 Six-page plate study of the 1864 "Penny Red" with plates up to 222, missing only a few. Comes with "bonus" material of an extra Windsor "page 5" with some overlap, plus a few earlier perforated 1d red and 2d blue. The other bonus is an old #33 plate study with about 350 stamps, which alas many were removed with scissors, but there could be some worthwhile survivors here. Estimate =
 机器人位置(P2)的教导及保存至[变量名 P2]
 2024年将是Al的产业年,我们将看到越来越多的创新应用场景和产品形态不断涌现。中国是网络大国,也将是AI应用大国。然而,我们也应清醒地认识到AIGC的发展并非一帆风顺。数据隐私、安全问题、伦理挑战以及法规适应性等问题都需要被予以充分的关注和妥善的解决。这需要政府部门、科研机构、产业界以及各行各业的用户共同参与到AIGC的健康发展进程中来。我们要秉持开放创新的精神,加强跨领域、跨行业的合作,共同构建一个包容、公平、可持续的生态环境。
----------
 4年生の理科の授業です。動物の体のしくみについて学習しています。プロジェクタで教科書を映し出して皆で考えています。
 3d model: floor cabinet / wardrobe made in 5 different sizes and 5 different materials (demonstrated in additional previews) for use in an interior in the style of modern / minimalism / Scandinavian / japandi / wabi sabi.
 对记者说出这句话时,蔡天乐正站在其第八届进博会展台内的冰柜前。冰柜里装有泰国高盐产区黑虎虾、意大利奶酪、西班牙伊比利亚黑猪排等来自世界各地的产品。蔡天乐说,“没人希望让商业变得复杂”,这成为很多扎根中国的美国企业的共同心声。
----------
> TO DO
What you give back should be only the lines of the records above, starting at the line with "4年生の理科の授業です。動物" and ending at the line with "对记者说出这句话时,蔡天乐正", restated word for word.

> WRITTEN RESPONSE
 4年生の理科の授業です。動物の体のしくみについて学習しています。プロジェクタで教科書を映し出して皆で考えています。
 3d model: floor cabinet / wardrobe made in 5 different sizes and 5 different materials (demonstrated in additional previews) for use in an interior in the style of modern / minimalism / Scandinavian / japandi / wabi sabi.
 对记者说出这句话时,蔡天乐正站在其第八届进博会展台内的冰柜前。冰柜里装有泰国高盐产区黑虎虾、意大利奶酪、西班牙伊比利亚黑猪排等来自世界各地的产品。蔡天乐说,“没人希望让商业变得复杂”,这成为很多扎根中国的美国企业的共同心声。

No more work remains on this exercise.